Perlu dipahami bahwa tujuan utama JHT adalah untuk memberikan perlindungan finansial kepada peserta ketika mereka memasuki usia pensiun, mengalami cacat total tetap, atau meninggal dunia. Dana ini dikumpulkan dari iuran yang disisihkan oleh pekerja dan pemberi kerja selama masa aktif kerja. Oleh karena itu, setiap kebijakan yang berkaitan dengan pencairan dan pemajakan dana ini akan selalu mendapat perhatian dari berbagai pihak.
Diskusi publik yang muncul juga mencerminkan harapan masyarakat agar sistem perlindungan sosial yang diselenggarakan oleh BPJS Ketenagakerjaan tetap memberikan manfaat maksimal kepada pesertanya. Kekhawatiran akan berkurangnya nilai manfaat akibat pemotongan pajak menjadi sebuah isu krusial yang perlu direspons dengan bijak oleh pemerintah.
Langkah Menteri Keuangan untuk meninjau kembali implementasi teknis di lapangan dengan Dirjen Pajak menunjukkan adanya kesadaran terhadap sensitivitas isu ini. Hasil koordinasi tersebut diharapkan dapat memberikan kejelasan lebih lanjut mengenai bagaimana pajak atas JHT ini akan diterapkan ke depannya, termasuk potensi penyesuaian atau pemberian insentif jika diperlukan.

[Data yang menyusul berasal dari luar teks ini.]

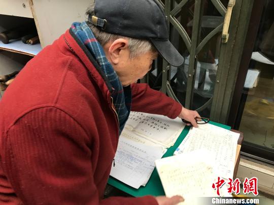 图为曹立熹正在整理球拍修理登记表。岳依桐 摄

Pihak BPJS Ketenagakerjaan sendiri hingga kini masih menunggu arahan lebih lanjut dari Kementerian Keuangan dan Kementerian Ketenagakerjaan terkait kebijakan pemajakan JHT. Namun, sebagai badan penyelenggara jaminan sosial, BPJS Ketenagakerjaan selalu berupaya menjalankan amanat undang-undang dan peraturan yang berlaku dengan sebaik-baiknya.
Perbedaan antara JHT dan program Jaminan Pensiun (JP) juga seringkali menjadi sumber kebingungan. JHT bertujuan untuk tabungan hari tua, sedangkan JP memberikan manfaat pensiun bulanan setelah peserta berhenti bekerja pada usia pensiun. Kedua program ini saling melengkapi dalam memberikan jaminan sosial ketenagakerjaan.
Masyarakat, khususnya para pekerja, tentu berharap agar polemik mengenai pajak JHT ini dapat segera menemukan solusi yang terbaik. Kejelasan aturan dan kepastian mengenai besaran dana yang akan diterima saat pencairan sangat penting untuk perencanaan keuangan masa depan. Koordinasi antara Kemenkeu, DJP, dan BPJS Ketenagakerjaan menjadi kunci untuk meredakan kekhawatiran dan memastikan keberlangsungan program jaminan sosial yang krusial ini.